╭─ Data excerpts

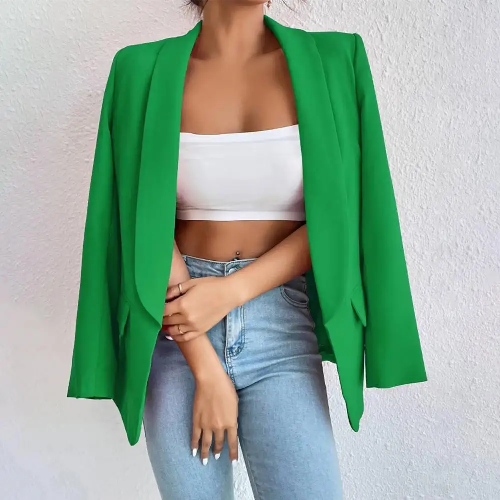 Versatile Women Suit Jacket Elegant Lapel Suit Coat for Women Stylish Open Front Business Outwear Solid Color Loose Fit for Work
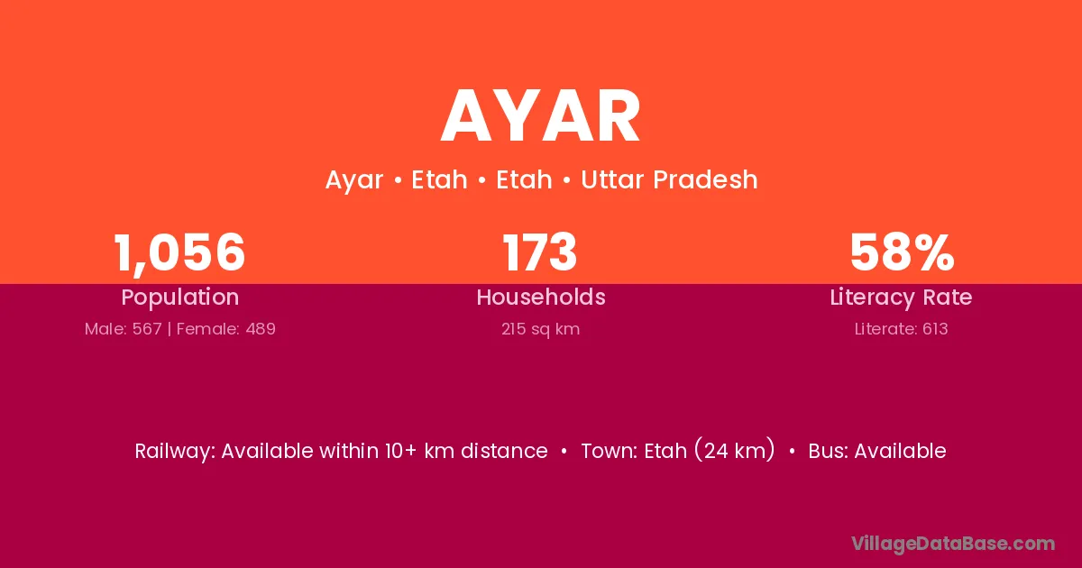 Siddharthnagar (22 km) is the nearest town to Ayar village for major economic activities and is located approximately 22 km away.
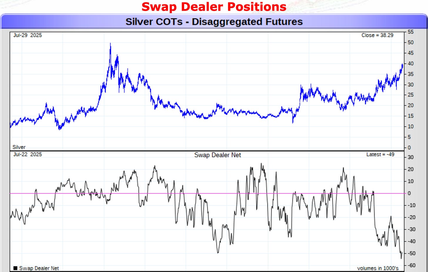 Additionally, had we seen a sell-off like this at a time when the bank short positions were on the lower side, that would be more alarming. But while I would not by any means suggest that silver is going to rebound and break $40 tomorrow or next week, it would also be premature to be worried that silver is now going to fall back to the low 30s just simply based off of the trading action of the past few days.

╰─
╭─ Data excerpts

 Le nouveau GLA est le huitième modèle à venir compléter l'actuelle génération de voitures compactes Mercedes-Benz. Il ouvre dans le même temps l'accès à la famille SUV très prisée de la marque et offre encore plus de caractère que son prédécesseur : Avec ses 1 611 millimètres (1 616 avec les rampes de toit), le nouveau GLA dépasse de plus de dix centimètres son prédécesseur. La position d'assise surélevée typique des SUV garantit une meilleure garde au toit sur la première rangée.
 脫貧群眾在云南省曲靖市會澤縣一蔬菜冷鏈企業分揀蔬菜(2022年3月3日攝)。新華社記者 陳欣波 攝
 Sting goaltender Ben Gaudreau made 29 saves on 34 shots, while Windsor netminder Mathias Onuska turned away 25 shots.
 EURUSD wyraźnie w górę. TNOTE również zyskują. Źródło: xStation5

╰─

Exercise details:
Reproduce word for word the material above, beginning with the line that contains "Sting goaltender Ben" and ending with the line that contains "EURUSD wyraźnie w".

Solution for this exercise:
 Sting goaltender Ben Gaudreau made 29 saves on 34 shots, while Windsor netminder Mathias Onuska turned away 25 shots.
 EURUSD wyraźnie w górę. TNOTE również zyskują. Źródło: xStation5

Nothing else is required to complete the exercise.